Canada ranks fifth among 20 countries for its cybersecurity threat preparedness and response, according to a standard created by an academic journal and a security vendor.
The Cyber Defense Index, created by MIT Technology Review Insights and sponsored by Code42, gave Canada an average score of 6.94, behind the United States (7.13) and ahead of Poland (6.91).
The leader was Australia (7.83), followed by the Netherlands, South Korea and the United States. The UK, France, Japan and Switzerland round out the top 10. Brazil, Turkey and Indonesia are last.
The difference between first-placed Australia and third-placed South Korea was just 0.42 points.
The subjective score ranked countries on how well institutions have adopted digital technology and practices to resist cyberattacks and how well their policy frameworks promote secure digital transactions.
The scoring system included what the researchers called “thorough secondary research and analysis” (secondary information would come from, for example, national policy and regulatory data), as well as primary survey data – such as the global cybersecurity index of United Nations – and interviews with global cybersecurity professionals, technology developers, analysts and policy makers.
The research was conducted between April and September.
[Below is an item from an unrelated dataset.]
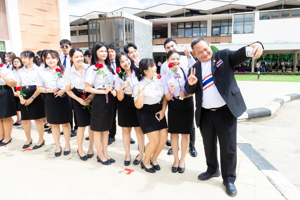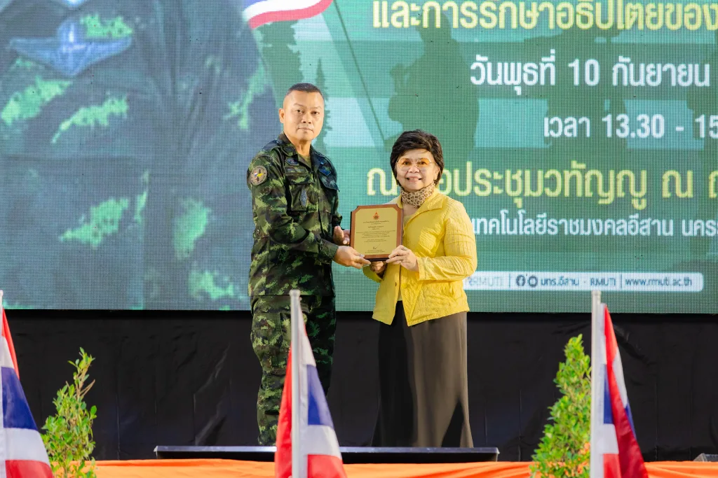 วันที่ 10 กันยายน 2568 มหาวิทยาลัยเทคโนโลยีราชมงคลอีสาน นำโดย นางสุวรรณี คำมั่น อุปนายกสภามหาวิทยาลัยฯ และ รองศาสตราจารย์ ดร.โฆษิต ศรีภูธร อธิการบดี มทร.อีสาน พร้อมด้วยคณะผู้บริหาร บุคลากรและนักศึกษา มทร.อีสาน ให้การต้อนรับ พลโท บุญสิน พาดกลาง แม่ทัพภาคที่ 2 ในโอกาสบรรยายพิเศษ “เรื่องเล่าจากแนวหน้า และการรักษาอธิปไตยของชาติ”ณ หอประชุมวทัญญู ณ ถลาง มหาวิทยาลัยเทคโนโลยีราชมงคลอีสาน นครราชสีมา โดยมีผู้บริหาร คณาจารย์ บุคลากร นักศึกษาทหาร และนักศึกษาจากทั้ง 5 วิทยาเขตของ มทร.อีสาน เข้าร่วมรับฟังภายในหอประชุมกว่า 3,000 คน และมีการถ่ายทอดบรรยากาศจากห้องประชุมไปยังวิทยาเขตเพื่อรับฟังการบรรยายพร้อมกัน โดยมีผู้เข้าร่วมรับฟังทั้งสิ้นกว่า 30,000 คน ซึ่งสะท้อนให้เห็นถึงความเป็นน้ำหนึ่งใจเดียวกันของชาวราชมงคลอีสาน ในการเทิดทูนสถาบันชาติ ศาสนา พระมหากษัตริย์ และการแสดงออกถึงความภาคภูมิใจในความเป็นไทย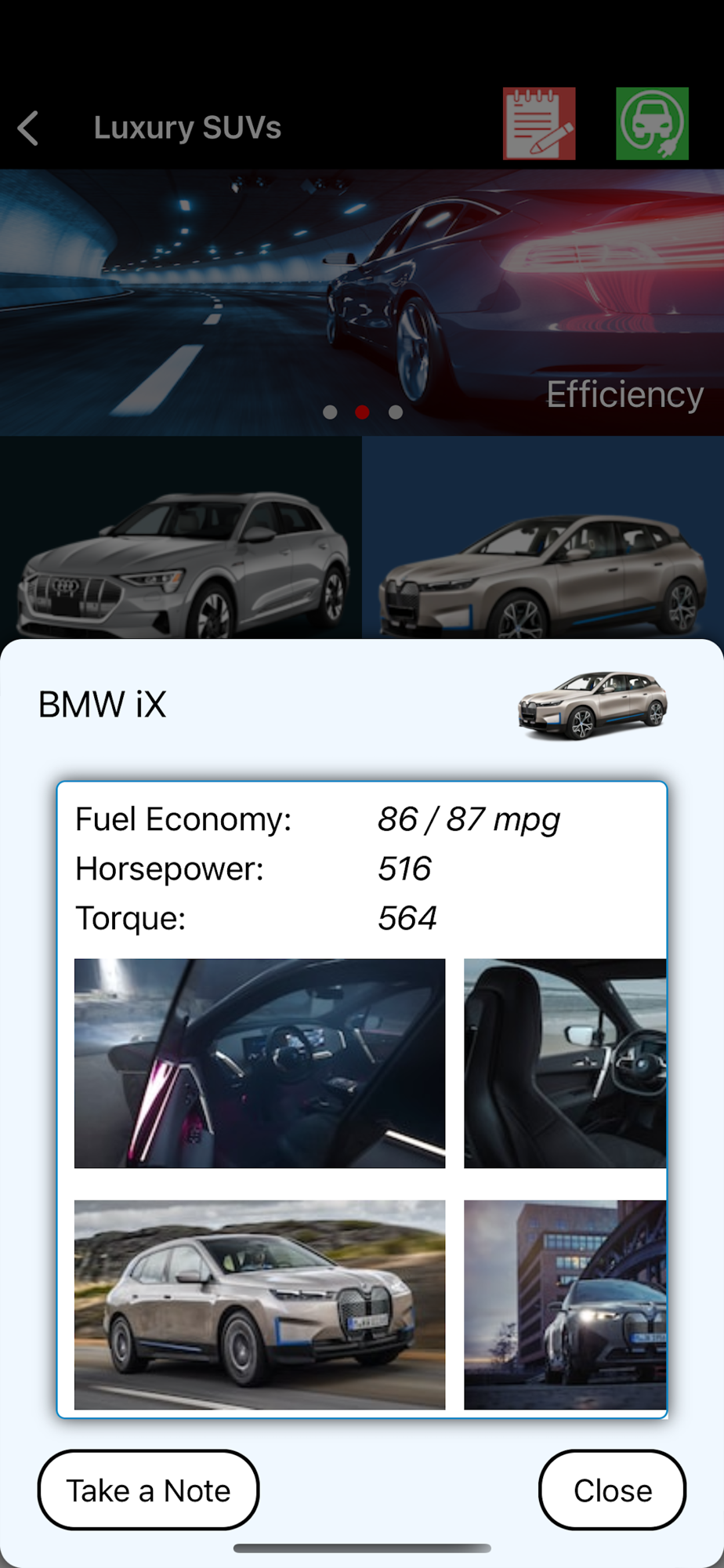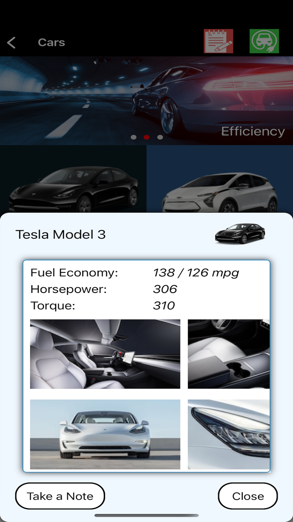 Jot down, save quick notes of EV models - view snapshots of interiors and exteriors;

However, the score did not account for reported data breaches. In September, Australia, which ranks first, suffered an attack by Optus, the country’s second largest mobile operator. This month, a ransomware gang believed to have originated in Russia apparently copied data on 10 million customers of Australian healthcare provider Medibank.
Australia’s top spot “reflects its efforts to make a robust digital infrastructure widely available,” the report said. “The Australian Government applies digital tools and regulatory frameworks to protect personal data and digital transactions. He pledged to review cybersecurity laws, pledging to set aside an earlier roadmap. Public urgency has increased after the recent Optus hack. »
While the assessment rated countries on the perceived robustness and relative security of their critical infrastructure, it also took into account their cybersecurity commitments, data privacy legislation, and other factors.
Another factor taken into consideration was the willingness of governments to use artificial intelligence to deliver public services.
The scores were divided into four categories, weighted to arrive at each country’s final score: critical infrastructure (30% of the score), cybersecurity assets (35%), organizational capacity (20%) and political commitment (15%). ).
Canada scored 6.45 on critical infrastructure, 7.12 on cybersecurity assets, 7.29 on organizational ability, and 7.04 on political engagement.
Canada did not rank in the top five countries for critical infrastructure or cybersecurity assets. It ranked third for organizational ability and fourth for political commitment. Placement in this category may have reflected proposed federal cybersecurity legislation, requests made to Rogers Communications after a massive network outage, and proposed privacy law updates in the private sector.
For more details, the original article (in English) is available at IT World Canadaa sister publication of IT management.
French adaptation and translation by Renaud Larue-Langlois.